Terza età

Tornato da qualche giorno in città, T percorreva in bicicletta un viale. Mentre pedalava, l'avventura patita in Sardegna ancora gli occupava la mente. Durante la sua agognata escursione in una regione montagnosa e particolarmente pietrosa la guida l'aveva abbandonato all'improvviso ed era scomparsa senza far ritorno. Perché lo avesse abbandonato in quel deserto - ecco ciò che T stava rimuginando mentre pedalava sul viale alberato lungo il fiume -  era un mistero. 
"Forse mi ha lasciato tra le rupi perché l'avevo pagato in anticipo", pensava T, che era riuscito a evitare per caso un precipizio orrido solo pochi minuti dopo che la guida se n'era andata per i fatti suoi. Aveva poi fatto faticoso ritorno nel paese dove aveva una stanza e invano, il giorno successivo all'incidente, era andato a chiedere "perché" alla Pro Loco -chiusa.
Mentre era insoddisfatto della spiegazione venale dell'incidente, per chiamarlo così, e si chiedeva se non avesse invece offeso la guida, un ragazzo sui trent'anni, per qualcosa che aveva detto, ma cosa? - vide che una vigile urbana gli faceva segno di fermarsi.
Stupito, T estrasse la carta d'identità e la porse alla vigile urbana. L'infrazione di T era consistita nel suo pedalare troppo lento, lui seppe. "Lei intralcia il transito degli skate board e dei monopattini, oltre che delle altre biciclette", sentenziò la vigile. Al che T la guardò negli occhi, celesti, e le disse con un sorriso: "lo sa quanti anni ho io? Non ha visto il documento? Come vuole che possa pedalare veloce?"
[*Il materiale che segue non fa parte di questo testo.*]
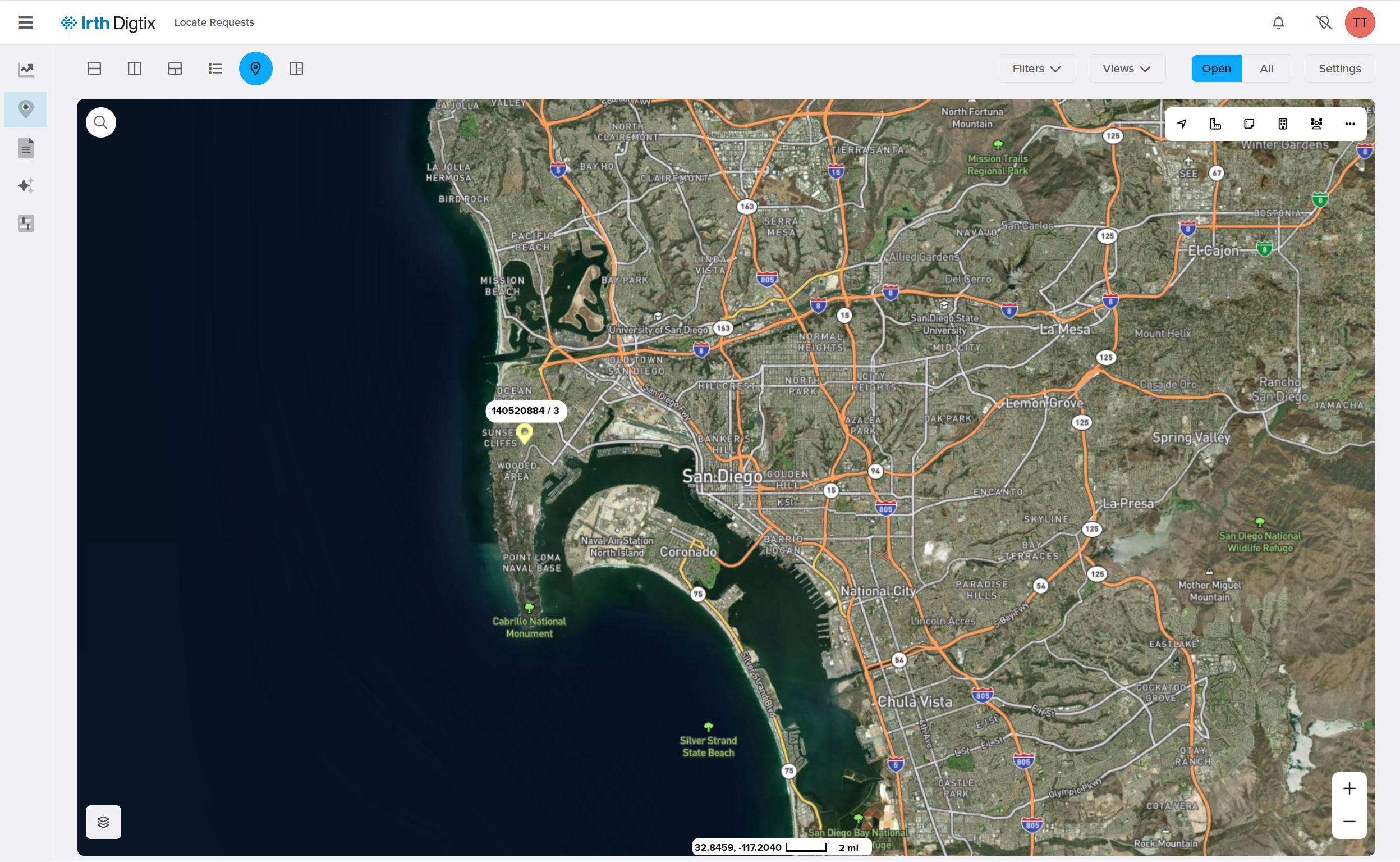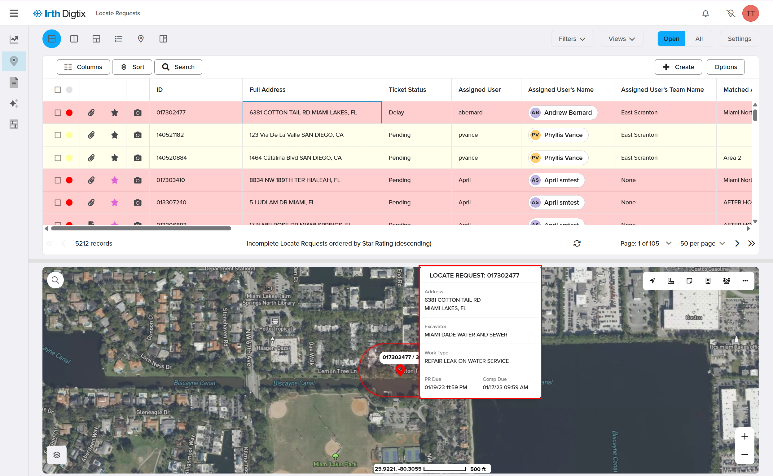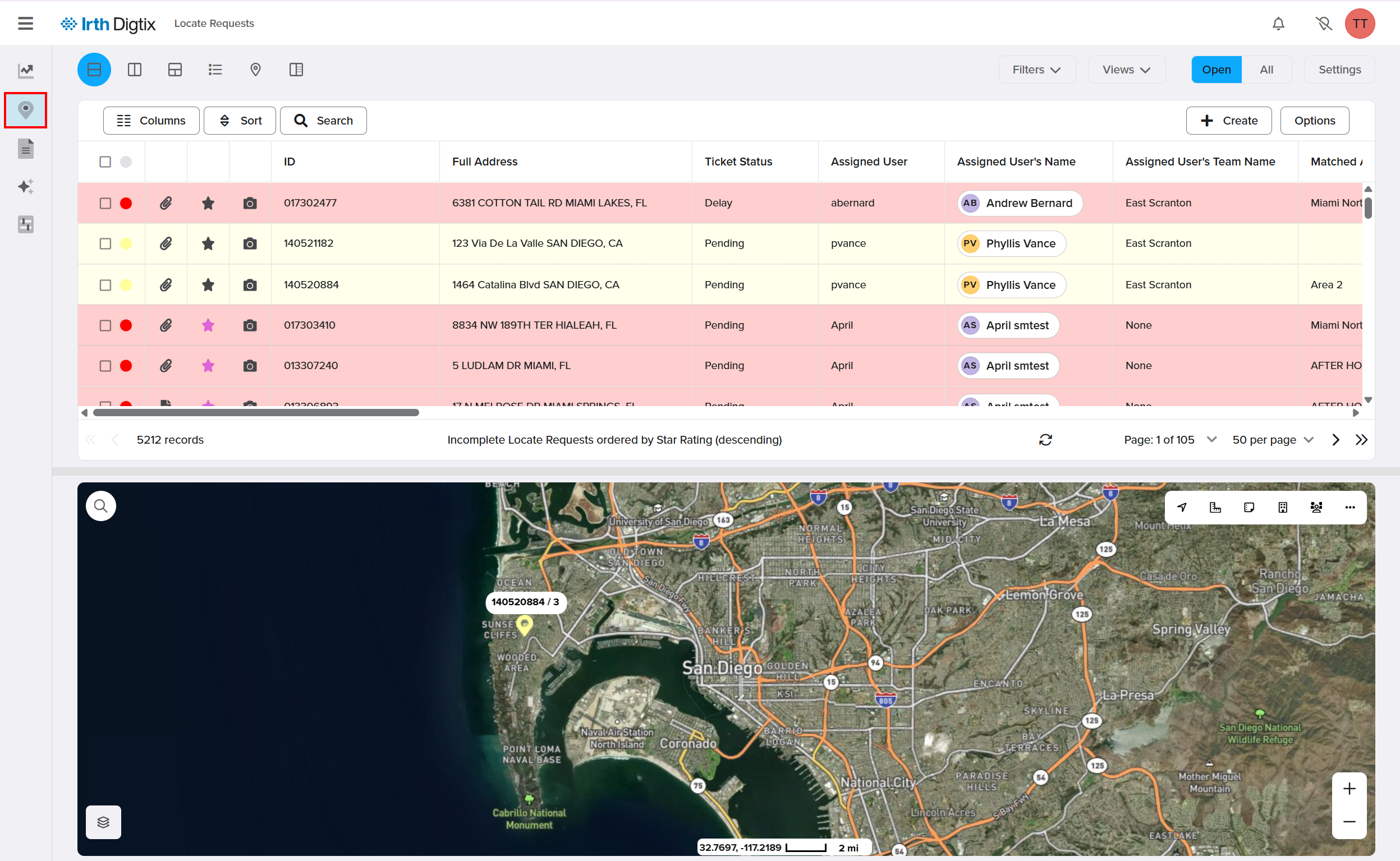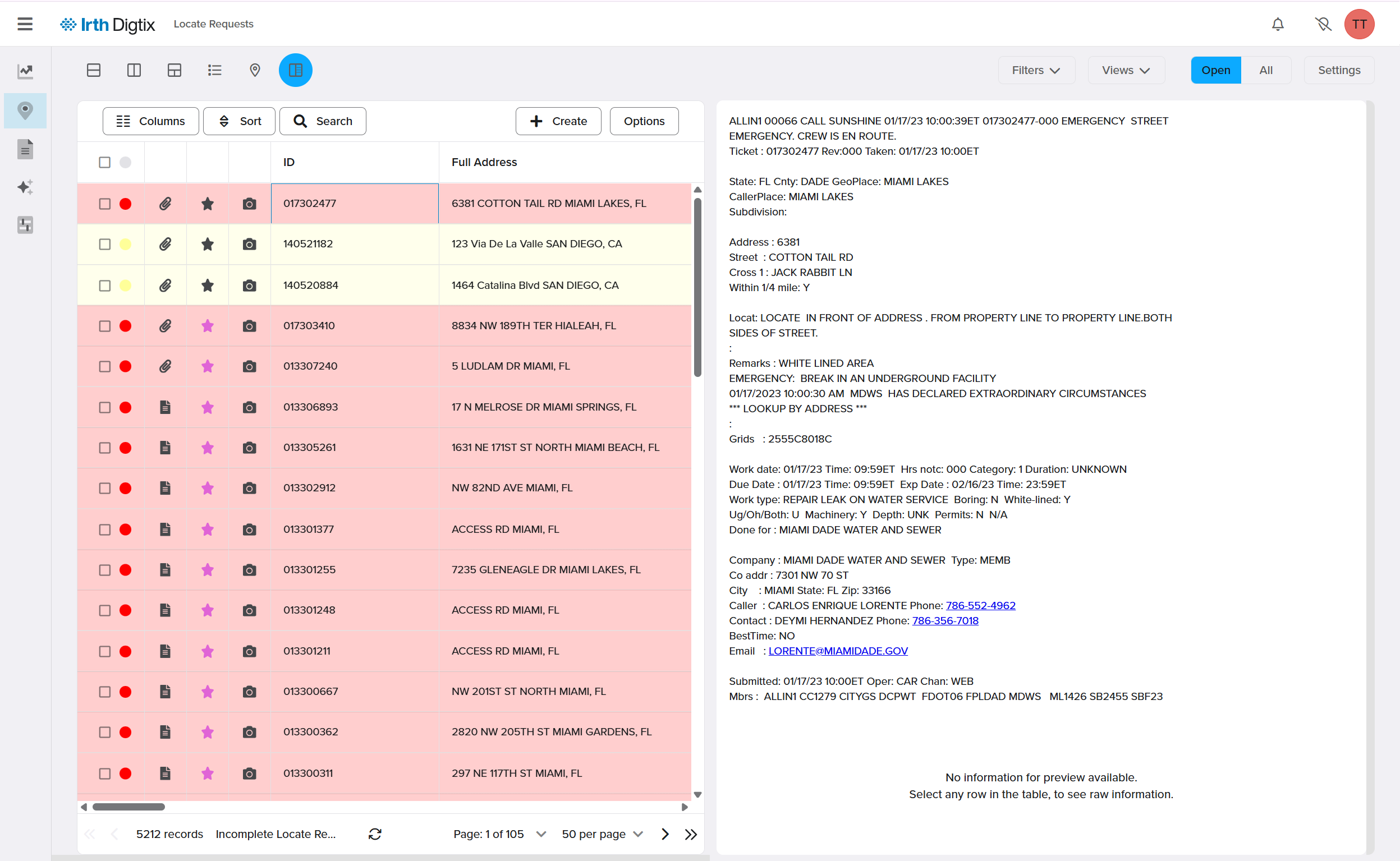 • Daily Locate Management: Quickly review and prioritize open locate requests using the grid and map views, helping reduce response times and missed deadlines.
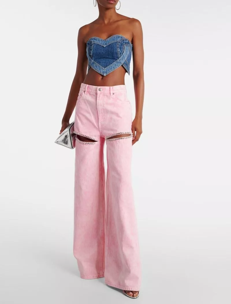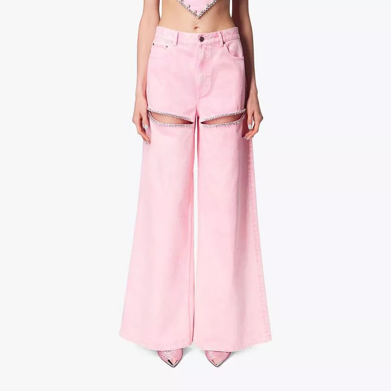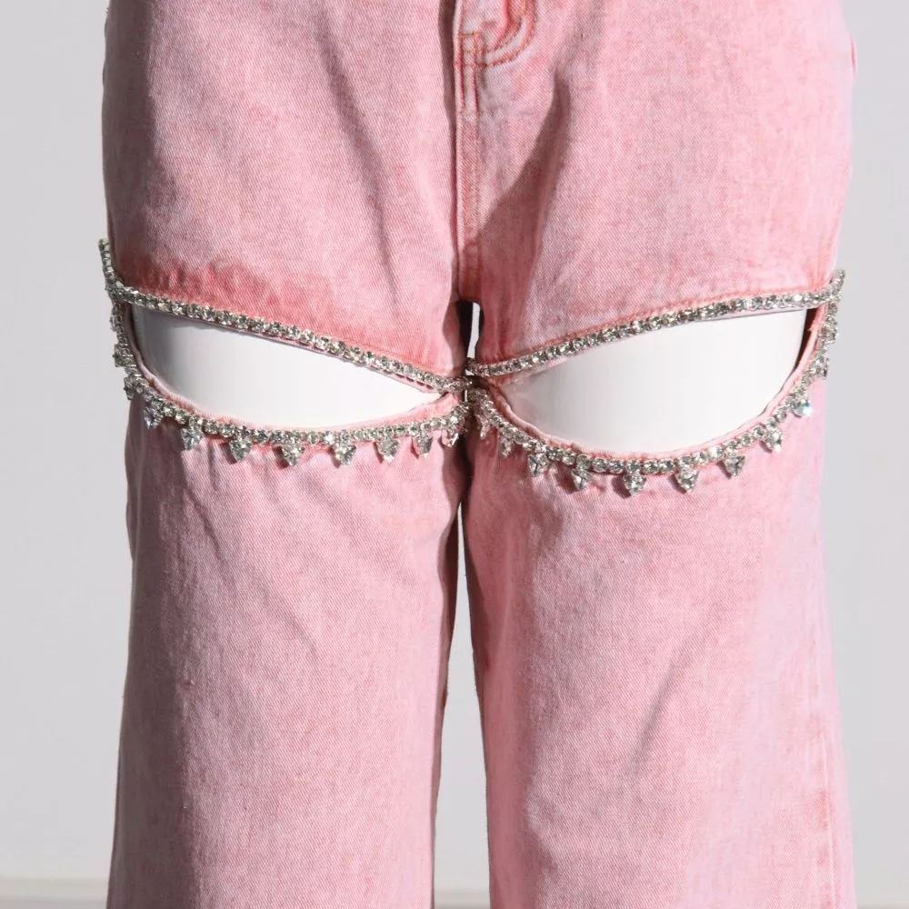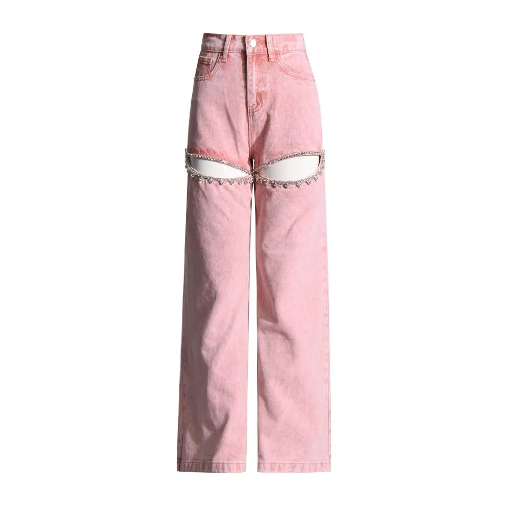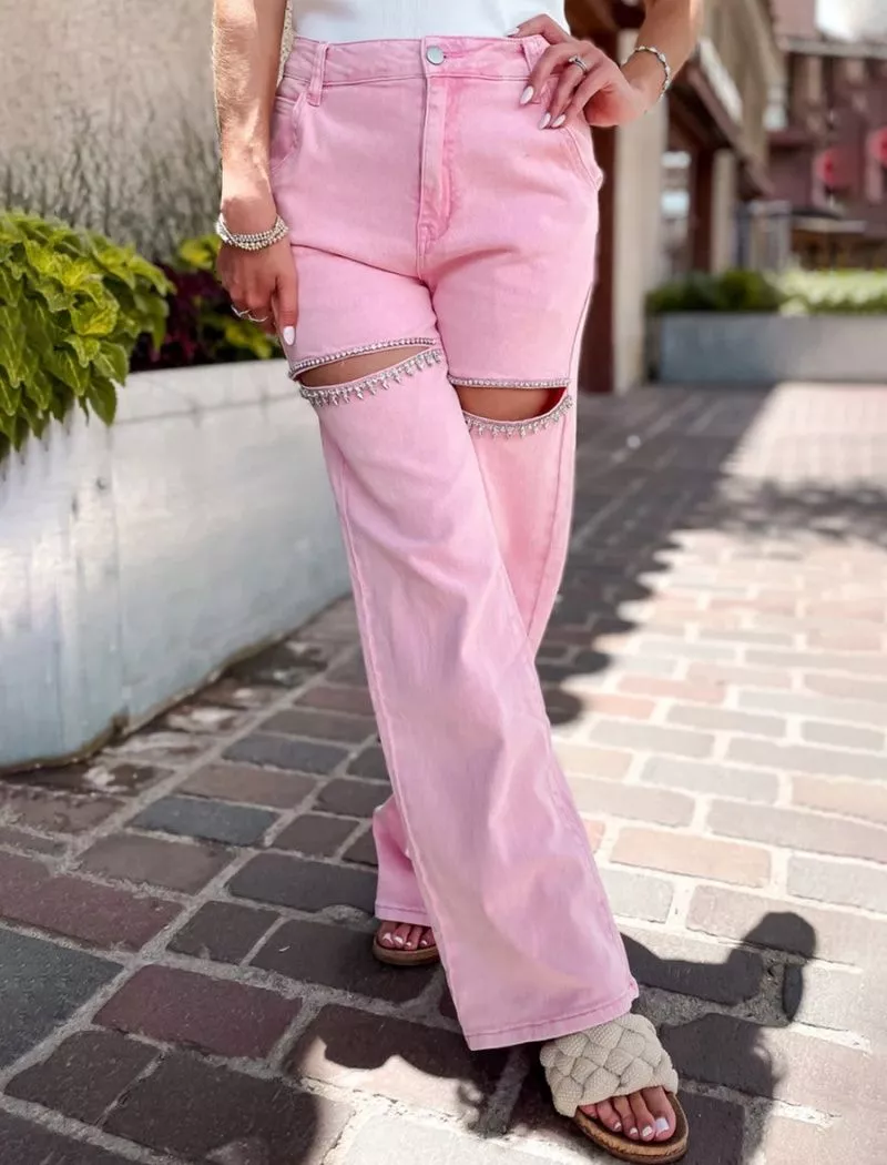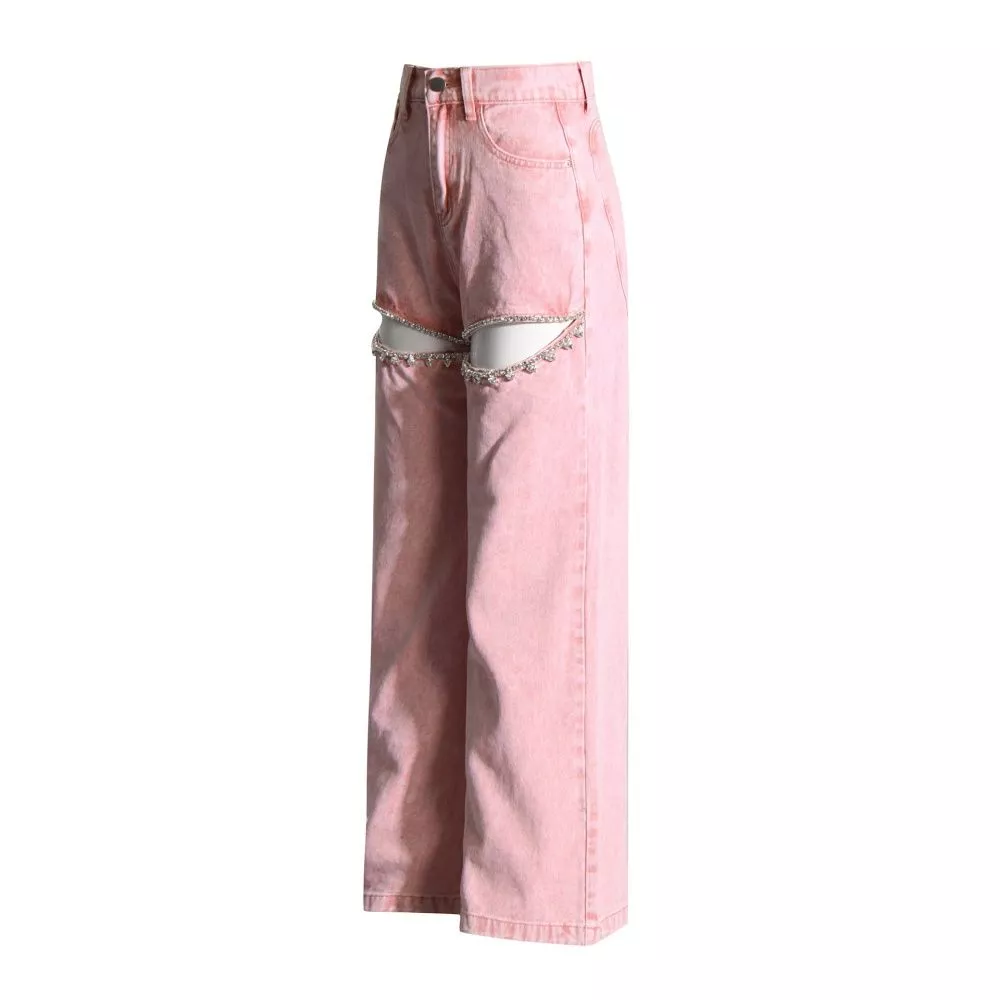 Jeans Rosa Vita Alta Gamba Larga Con Tagli Gioiello Strass Stile Fashion CF56765
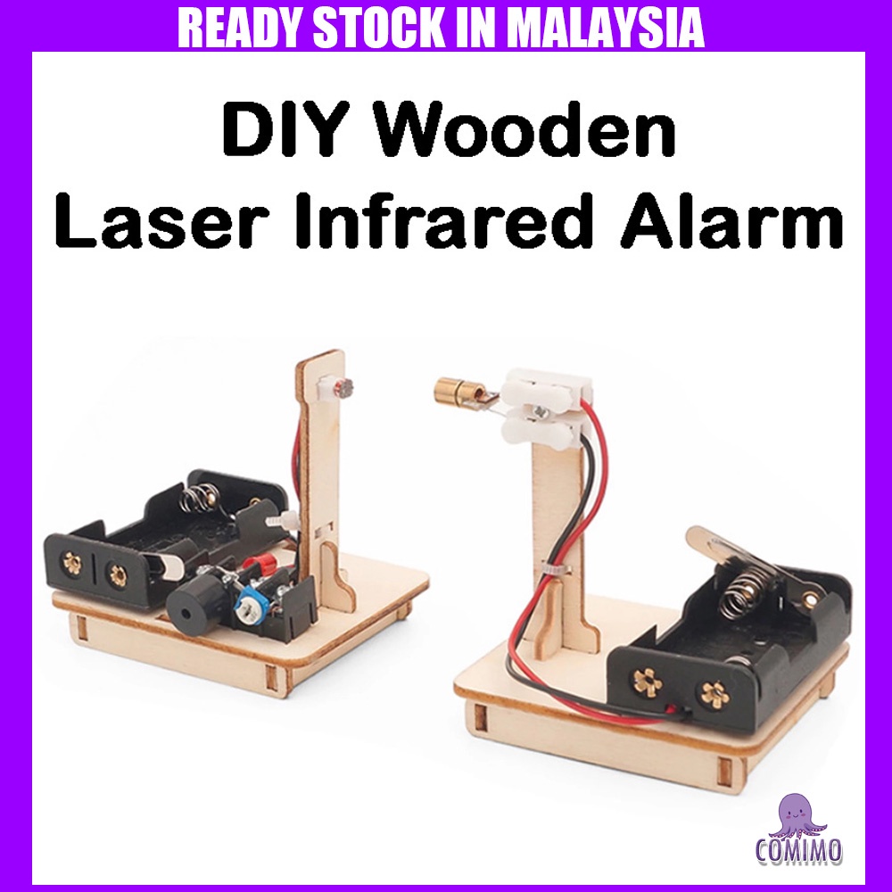 DIY Wooden Laser Infrared Alarm Aiming Shoot Anti-theft Burglar Alarm Module Experiment STEM Educational Toys For Child
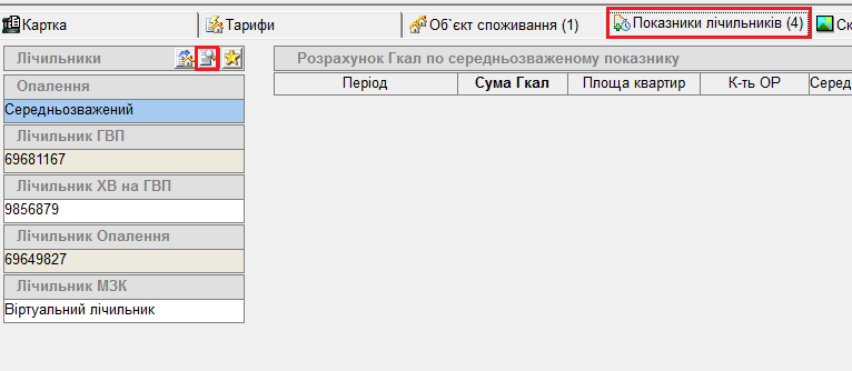 1) У меню перейти: Абонентський відділ — Будівлі, знайти потрібний будинок, і перейти на вкладку "Показники лічильників":
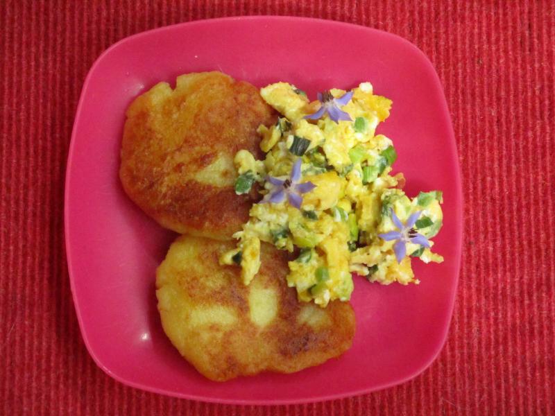 gebratener Kloßteig mit Frühlingszwiebelrührei

In verità non aveva pedalato piano a causa della sua età avanzata, come volle far credere alla vigile, invece si era distratto dal ritmo perché pensava al precipizio che aveva scansato all'ultimo momento, alla guida infedele, al perché e per come dell'abbandono.
La vigile però non poteva saperlo, quindi convenne che  sì, T era davvero anziano e aveva il diritto di pedalare piano.